The e-scooter made a left turn into Coney Street, and went the wrong direction down the one-way street.

Officers called in the city’s CCTV operators to track and locate the vehicle. The e-scooter was finally stopped in Parliament Street by police officers.

Mrs Chadwick said police on patrol spotted Bradley with a passenger who was carrying a lager can on the one-man e-scooter in Parliament Street in the evening of Sunday, October 3. Pictured, electric scooters parked in Ealing, London

Mrs Chadwick stated that Bradley was spotted by police on patrol with a passenger on an e-scooter on Parliament Street in the evening on Sunday, October 3. Pictured: Electric scooters parked in Ealing (London).

Mrs Chadwick stated that both the rider (and the passenger) stumbled off the vehicle.

Bradley took a breath test and got a reading of 58 mg of alcohol in 100ml of breath, which is one-half the legal limit.

Ms. Calman stated that he was an intelligent man. He should have known better.

The app that allows you to hire e-scooters offers a series warnings to riders, but the passenger had already hired the vehicle so Bradley didn’t see the warnings.

York’s district judge warned that riding an e-scooter can be as dangerous as driving a car or any other vehicle. 

Bradley was informed by him that he saw other people riding motor cars after drinking and the danger they pose to other people. It is extremely dangerous as you should know.

He explained that e-scooters can be described as motor vehicles similar to cars and motorbikes used on the road. 

Riders are required to have a driver’s license and insurance in order to hire them. It is also forbidden to ride after drinking.

He said at the conclusion of the court case that he only hoped that there would be some good out of it. “Others may be tempted by the idea that they can have a beer and then ride an e-scooter,” he said.

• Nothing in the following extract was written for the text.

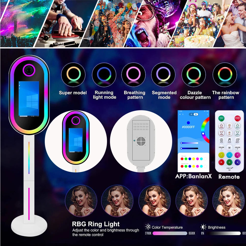 Mirror Photo Booth LCD Touch Screen Ring Light Flight Case by WideMeet apvieno elegantu, interaktīvu foto kabīnes pieredzi ar profesionālu apgaismojumu un izturīgu pārnēsājamību. Izstrādāts ballītēm, kāzām, festivāliem, nomai un pasākumiem, šis viss vienā komplekts nodrošina augstas kvalitātes selfies, aizraujošus viesu mirkļus un ātru uzstādīšanu—no iekštelpu vietām līdz āra svinībām. Eleganta spogulis, atsaucīgs LCD skārienekrāns un integrēta gredzena gaisma rada glaimojošu apgaismojumu un vieglu lietotāja mijiedarbību, kamēr izturīgais lidojuma gadījums padara transportēšanu un uzstādīšanu par vieglu uzdevumu.

They should know what will happen to their e-scooters.

Only e-scooters are legal to ride on roads. Tier hire schemes as part of a Government pilot are the only ones that allow you to hire them.

The scheme has an E-scooter with a notice on its handle advising against drink driving, and its stem announcing that riders must comply with traffic laws.

Privately owned electric scooters cannot be used on the roads.